TASK TO COMPLETE: Repeat exactly the lines of the material below that run from the "Con el hashtag" line to the "Flores de marihuana" line, including both, and do not carry over any pictures.

PROVIDED INFORMATION:
'''

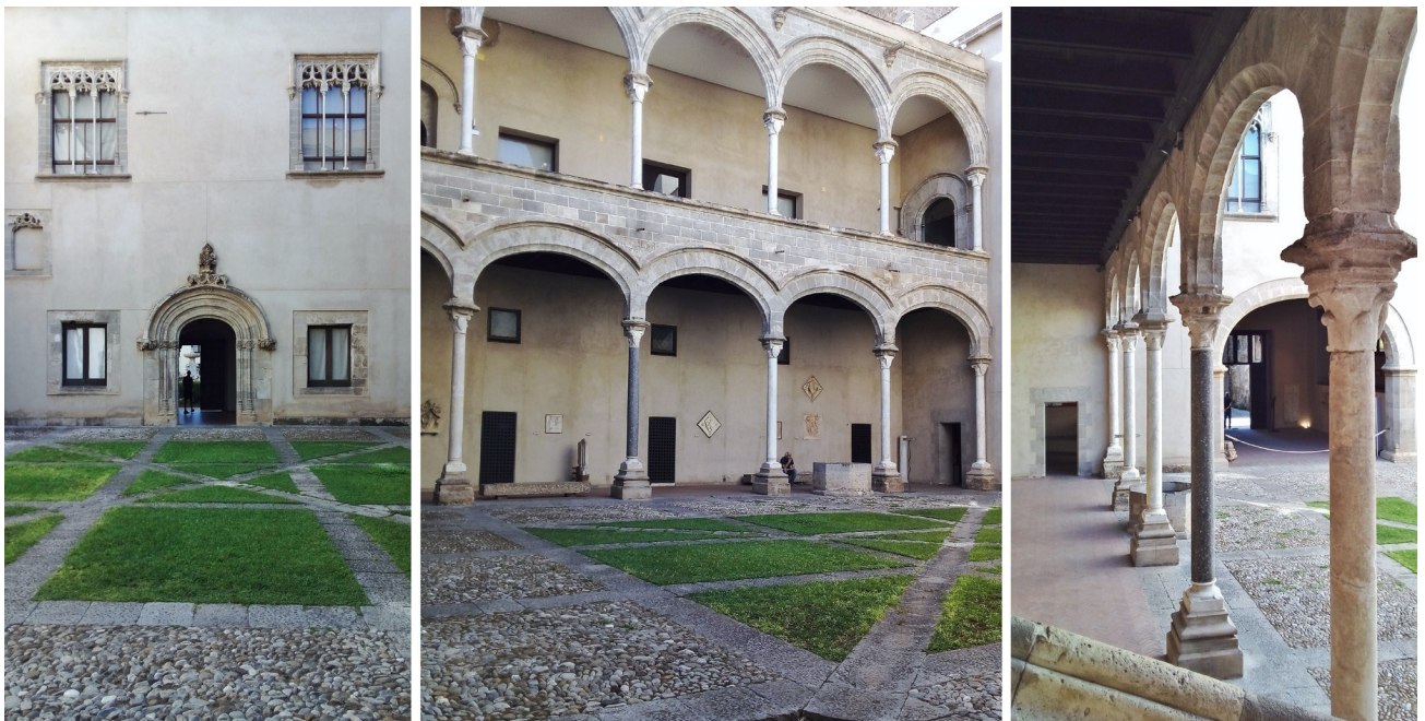
Figura 3 – Vista do pátio a partir do ingresso (esquerda), loggia lateral direita reconstruída (centro), e vista da loggia para o ingresso (direita).

Poucos elementos construídos foram inseridos por Scarpa no edifício reintegrado, como a escada de lance único junto à parede, na Sala VI, utilizando vigas metálicas como suporte
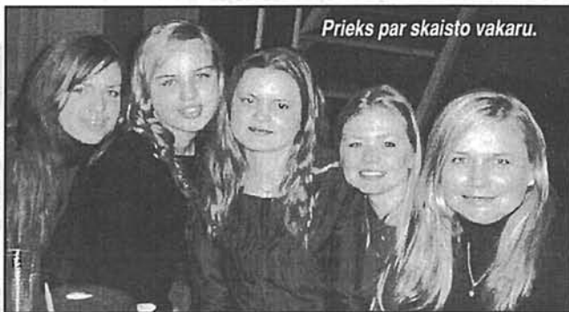
Prieks par skaisto vakaru.

Un tā jautrībā ātri aizvirpuļoja viss vakars. Pēc tam vēl sapņos man rādījās krāsaini tērpi, smaidošas sejas, smieklī. Paldies visiem, kas atnāca, kas palīdzēja un gādāja par to, lai visiem labi, jautri, neaizmirstami piedzīvojumi. ♦
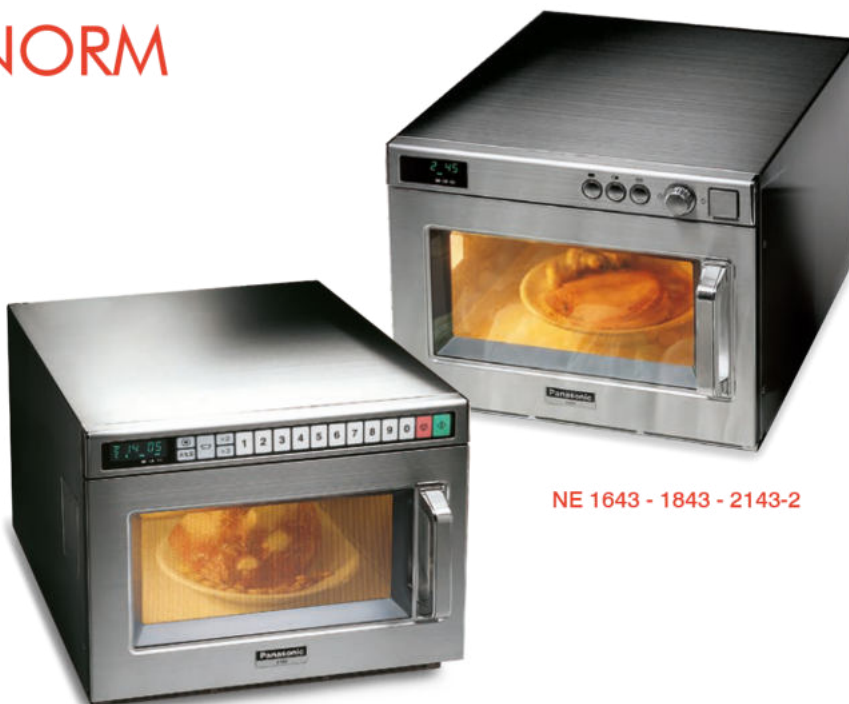
NE 1643 - 1843 - 2143-2
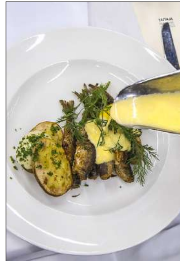
Yksi kilpailun pääruoka-annos oli paistettut muikut, kastikkeena voi-valkoviinikastike.

”Pitääkö suomalaisessa ravintolassa tai kahvilassa asiakaspalvelijoiden mielestäsi osata suomea? ”Ei välttämättä. Kansainvälisyys korostuu etenkin Helsingissä.”
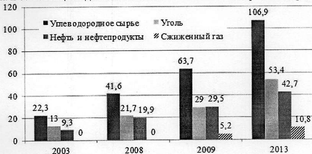
Рис. 1. Динамика экспорта углеводородного сырья России в АТР через морские порты Дальнего Востока, млн. тонн

Одновременно возрос спрос на углеводороды и электроэнергию в странах АТР, прежде всего в Японии, КНР и Республике Корея. Стоит отметить, что в 2013 г. экспорт российского каменного угля через морские порты Дальнего Востока составил 53,4 млн. тонн, сырой нефти и нефтепродуктов 42,7 млн. тонн, сжиженного газа 10,8 млн. тонн, что почти в 5 раз больше показателей 2003 г. (рис. 1). В том же 2013 г. по существующей линии электропередач из Амурской области в КНР и Монголию было экспортировано 3,9 млрд. кВт час электроэнергии. Так же велико значение транспортной системы региона и её потенциал для обеспечения экономического развития [4, с. 55-58].
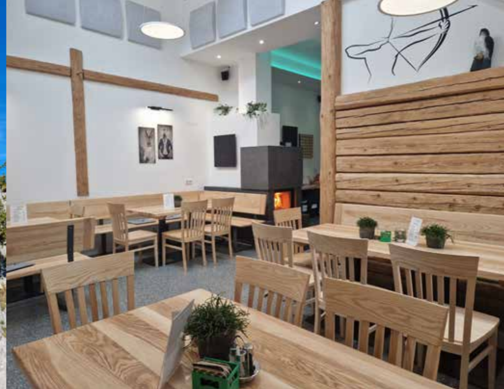
← Das neue Bogensport Vereinslokal
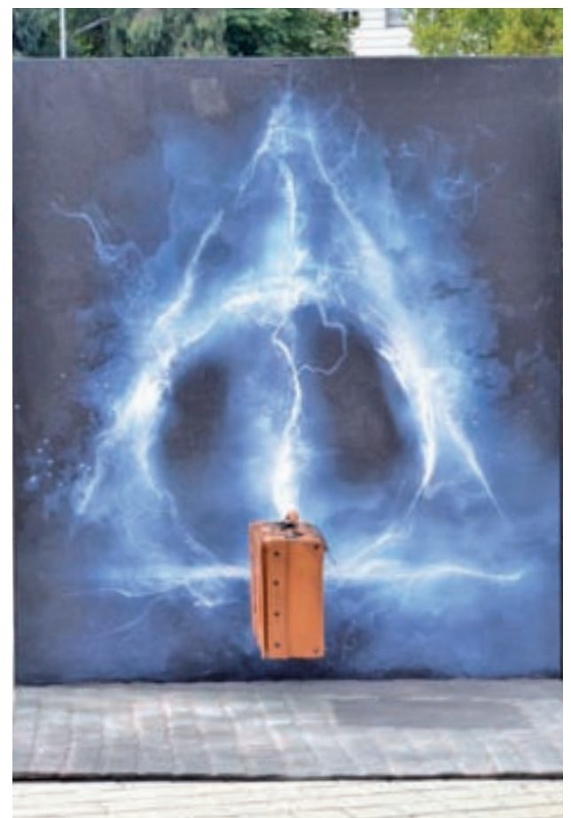
RELIQUIAS DE LA MUERTE: Esta imagen tendrá un especial protagonismo en la nueva película 'Animales fantásticos: Los crímenes de Grindelwald', que se estrena el próximo viernes 16 de noviembre en España.

Con el hashtag #MadridCiudadMágica, los vecinos y visitantes podrán subir a Instagram las fotos que se hagan con los escenarios, algunos de los cuales ya visitaron la ciudad hace alrededor de un año. "Asociar Madrid a la fantasía y a la imaginación es muy importante", aseguró durante la presentación de la actividad el coordinador de Alcaldía del Ayuntamiento de la capital.
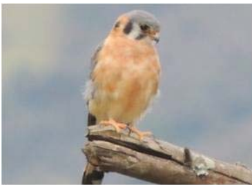
9 Falco sparverius (AOG) FALCONIDAE
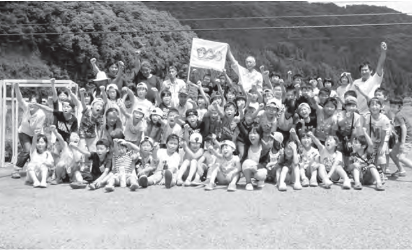
健康米生産者と北九州市門司区の「学童クラブすだち」の子ども達
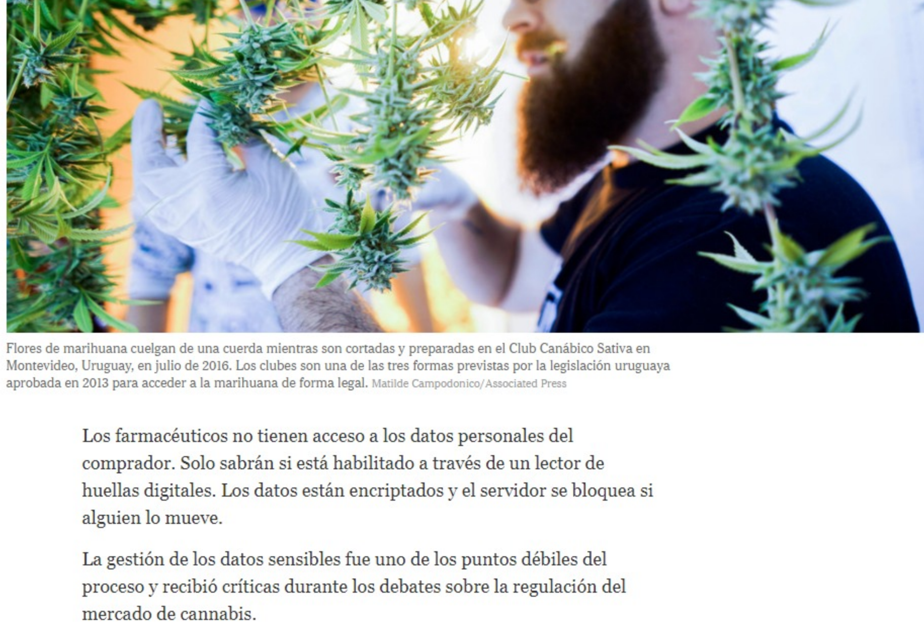
Flores de marihuana cuelgan de una cuerda mientras son cortadas y preparadas en el Club Cannabis Sativa en Montevideo, Uruguay, en julio de 2016. Los clubes son una de las tres formas previstas por la legislación uruguayaya aprobada en 2013 para acceder a la marihuana de forma legal.

Hasta el viernes anterior al comienzo de la venta había 4893 "adquirentes" registrados en las oficinas del correo estatal. El trámite para inscribirse no lleva más de cinco minutos y exige presentar cédula de identidad, comprobante de domicilio y responder una encuesta. Un escáner dactilar almacena las huellas de los usuarios en servidores informáticos para corroborar la identidad del comprador y que no se pasen de la cantidad permitida. El sistema usa la misma tecnología que los servicios financieros. Las otras dos formas de conseguir cannabis también requieren registro.
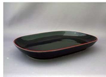
552 03-200231 在庫90 レッドライン多用皿 ¥1,000 23.4×15.3×3.2cm
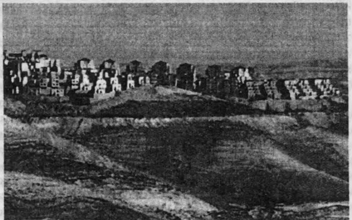
Рис. 3. Поселення Ма'але Адумін (Ma'ale Adumin), розташоване 15 км на схід від Єрусалиму
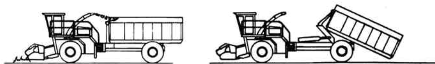
Af- og påsætning op til 35 m 3 container med kran.
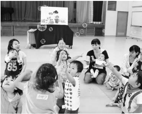
親子教室「コアラ」～ふれあい遊び
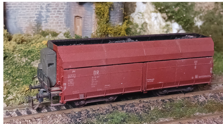
Afbeelding 1. OOt 47 met remmershuis, eerste versie

Nadat ik het eerste exemplaar had geplaatst, kon ik de 3D-tekening verder aanpassen, zodat er minder ruimte hoeft te worden gevuld. Ook moest er meer ruimte komen om de handel van de handrem in de ruimte te laten passen. Bij de eerste plaatsing heb ik van de handel een stukje afgeknipt. Bij de tweede versie was de ruimte groot genoeg, alleen kwam het huis niet in het midden van het bordes te staan. Een optie zou nog zijn om het remmershuis wat breder te maken, maar volgens mij zou dat niet correct zijn. De handel een stukje afknippen is, denk ik, de beste oplossing. Wanneer u geen 3D-ervaring hebt, is het natuurlijk ook mogelijk om het remmershuis uit een ander materiaal maken. Onderstaande afbeeldingen geven de resultaten van het eerste en tweede 3D-model weer. Mochten er leden zijn, die ook een remmershuis willen plaatsen, maar zelf niet de mogelijkheden hebben om dit te maken, dan kan ik kijken of ik ze voor een kleine vergoeding kan laten printen. Moet u ze nog wel zelf schilderen.
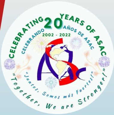
PHOTO GALLERY/ GALERÍA DE FOTOS
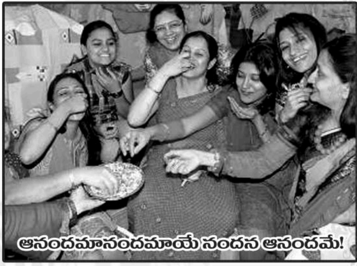
ఆనందమానందమాయే నందన ఆనందమే!

ఉగాది అంటే ప్రకృతి, సృష్టి పుట్టిన రోజు. బ్రహ్మకల్పం ప్రారంభమైనప్పుడు తొలిగా పుట్టిన సంవత్సరం 'ప్రభవ' తొలి మాస చైత్రం, తొలి ఋతువు వసంతం, తొలి తిథి పాడ్యమి, తొలి రోజు ఆదివారం, తొలి నక్షత్రం అశ్వని. అదే మాసం నవమి తిథినందు, పునర్వసూ నక్షత్ర ఘడియలో సకల ధర్మపరుడు, ప్రజాభీష్టపు ధర్మ రాజ్యాధినేత శ్రీరామచంద్రుడు జన్మించాడు.
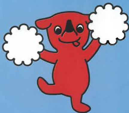
千葉県マスコットキャラクター 「チーバくん」
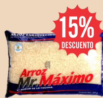
7441057500564 ARROZ MR. MAXIMO 95% 1800 GRS
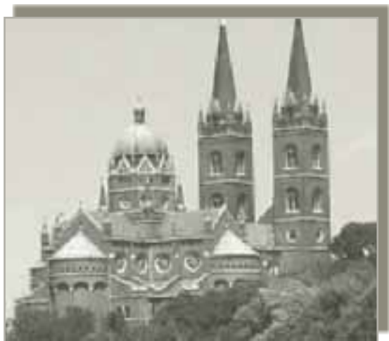
Katedrala u Đakovu
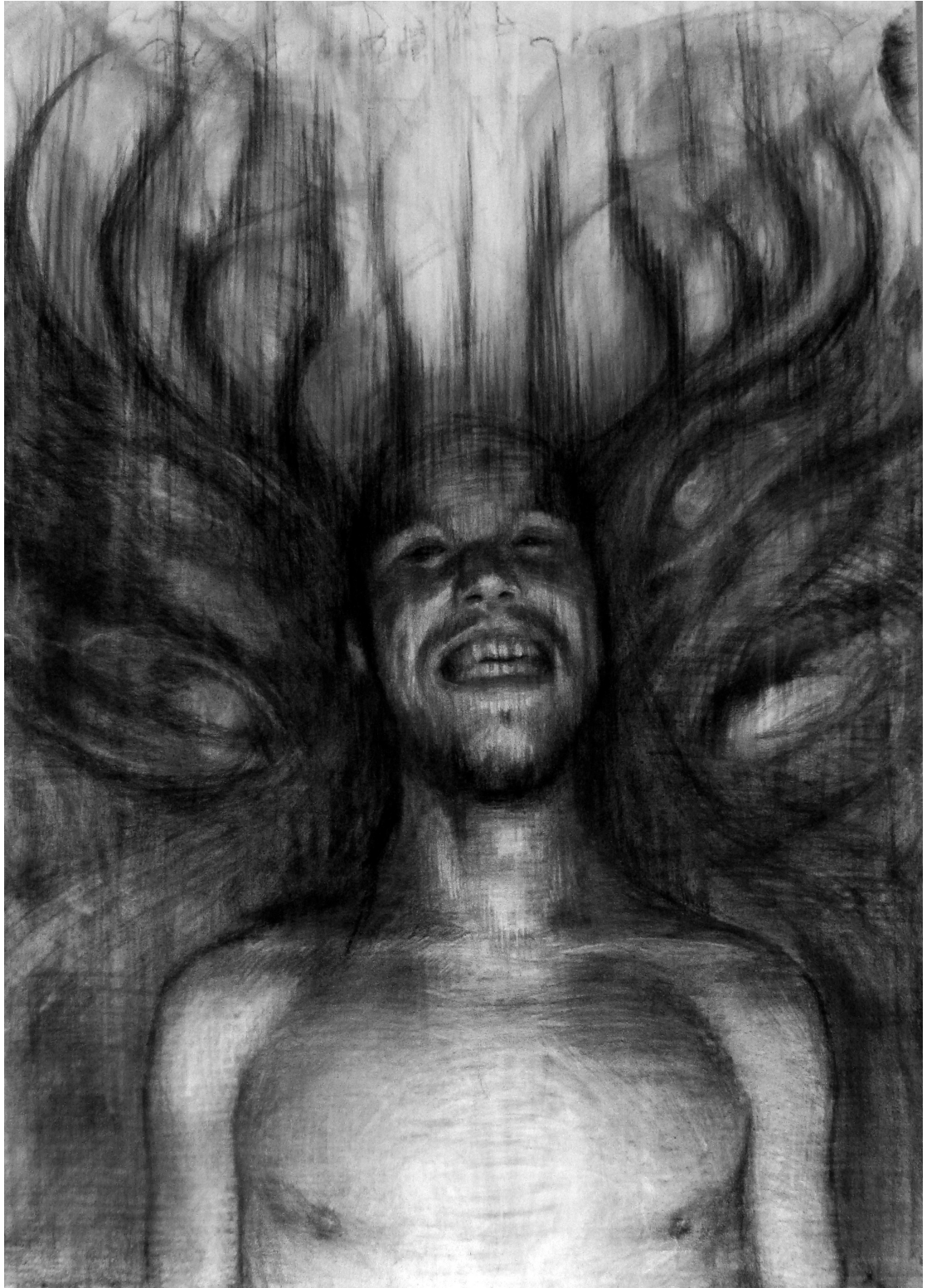
Kuva 6. Viimeinen vaihe ennen öljyväriä. Päähuomiassa tummuusasteet.
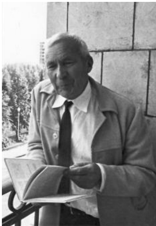
Obr. 5. ANDREJ NIKOLAJEVIČ KOLMOGOROV (1903–1987)

splňuje. Původně existovala hypotéza, že chaotické chování je způsobeno konkávním tvarem vnitřní hranice (viz obr. 3). Pak ale v roce 1979 Leonid Bunimovič [2] dokázal, že pro konvexní kulečnick ve tvaru atletického stadiónu (viz obr. 4) také dostáváme chaotické chování trajektorií.
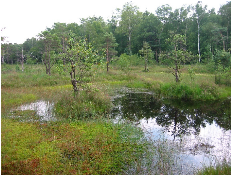
Bald Vergangenheit? Wassergesättigter Hochmoorbereich

Um so wichtiger sind Maßnahmen zur Verbesserung des Wasserhaushaltes des nach Südwesten hin abfallenden Moores.

'''

RESULT OF THE EXERCISE:
Con el hashtag #MadridCiudadMágica, los vecinos y visitantes podrán subir a Instagram las fotos que se hagan con los escenarios, algunos de los cuales ya visitaron la ciudad hace alrededor de un año. "Asociar Madrid a la fantasía y a la imaginación es muy importante", aseguró durante la presentación de la actividad el coordinador de Alcaldía del Ayuntamiento de la capital.
9 Falco sparverius (AOG) FALCONIDAE
健康米生産者と北九州市門司区の「学童クラブすだち」の子ども達
Flores de marihuana cuelgan de una cuerda mientras son cortadas y preparadas en el Club Cannabis Sativa en Montevideo, Uruguay, en julio de 2016. Los clubes son una de las tres formas previstas por la legislación uruguayaya aprobada en 2013 para acceder a la marihuana de forma legal.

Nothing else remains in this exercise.